PAN M 360 : Vous faites tous les deux partis de La fourmilière, un collectif de rap où pour une vingtaine de membres masculins, il n’y a qu’un membre féminin, soit Xela Edna. La forte majorité au sein même de ce groupe est en quelque sorte un témoignage du boys club au sein même du rap québécois, mais aussi de la musique au sens large. Quelles sont les actions que vous avez concrètement prises pour atteindre la parité, et comment voyez-vous ces actions prendre forme dans le futur ?
Kirouac : La première chose, c’est qu’on se force à avoir énormément de conversations, il faut absolument que les gars se parlent entre eux pour identifier les comportements toxiques. Nous sommes nombreux au sein du collectif, oui, mais il y a des membres avec qui nous sommes plus proches que d’autres, il y en a plusieurs que les choses font en sorte qu’on ne les voit pas souvent. Mais il est important de questionner sa masculinité et de réaliser quel est notre rôle à jouer pour crisser le patriarcat en feu. Et après, c’est toujours difficile dans la mesure où l’on ne veut pas prendre la place de personne et tu ne veux pas parler pour personne d’autre.
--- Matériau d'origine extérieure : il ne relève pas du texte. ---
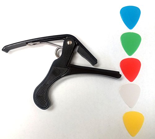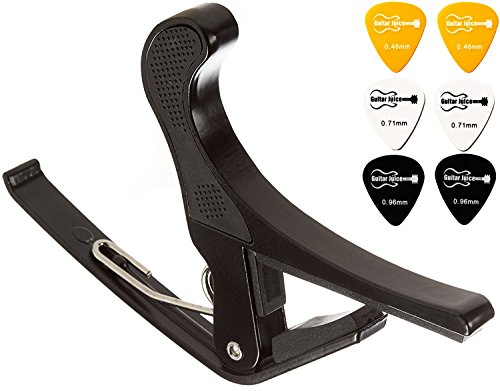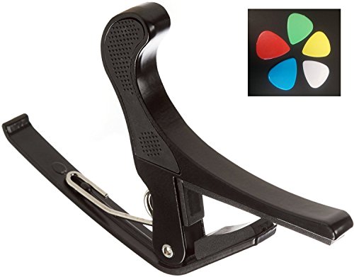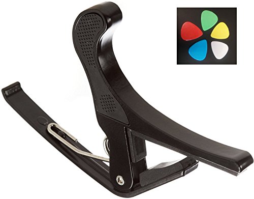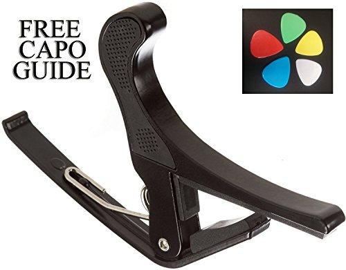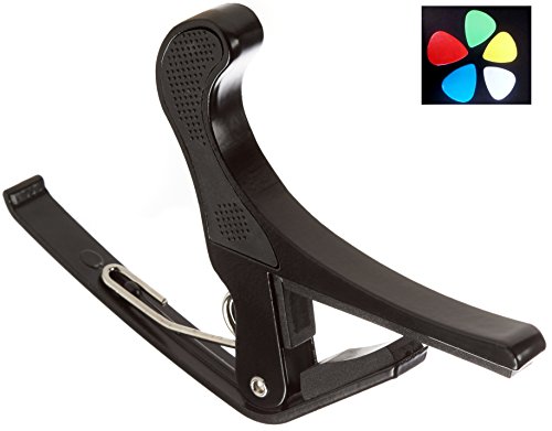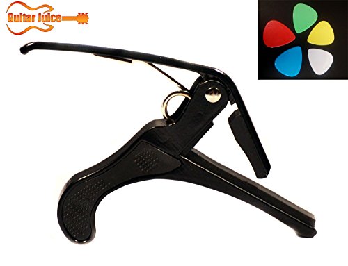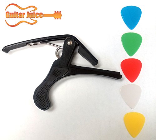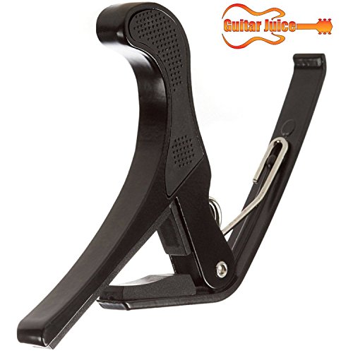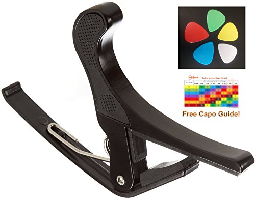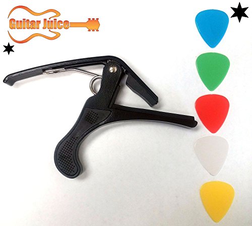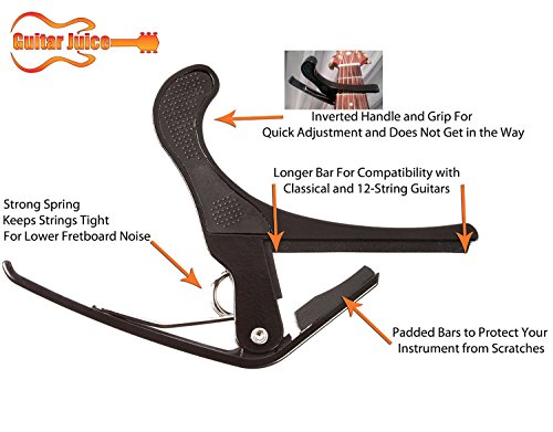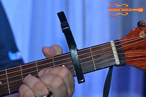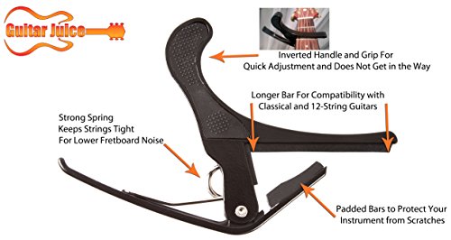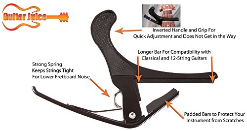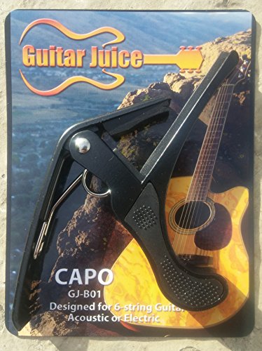 Studio : Guitar Juice Publisher : Guitar Juice Product Description Beginners and Pros alike will love the Guitar Juice GJ-B01 Black Guitar Capo * Great for 6 or 12 String Acoustic, Electric or Classical Guitars * Designed To Quickly Move Up and Down the Fretboard * Stays in Tune and No Fret Buzzing for a Great Sound * Long Lasting Premium Performance Quality Metal and Spring for Years of Use * Pads to Protect Your Instrument * Can also be used with ukulele, banjo and mandolin *5 FREE Picks one of each .46mm, .60mm, .73mm, 1mm, and 1.5mm in various colors ***1 Year Warranty Registration and Free Guitar Tips and Tricks.**** Add to Cart and start sounding great! 0 |

Kodakludo : Il y a certainement un problème dans le manque de femmes dans le rap, et insidieusement, le boys club fait en sorte qu’il y a une immense pression sur elle quand elles veulent participer. Il faut comprendre nos propres biais, c’est quoi la dynamique d’un boys club… Et une fois que tu repères ces biais, il faut les déconstruire.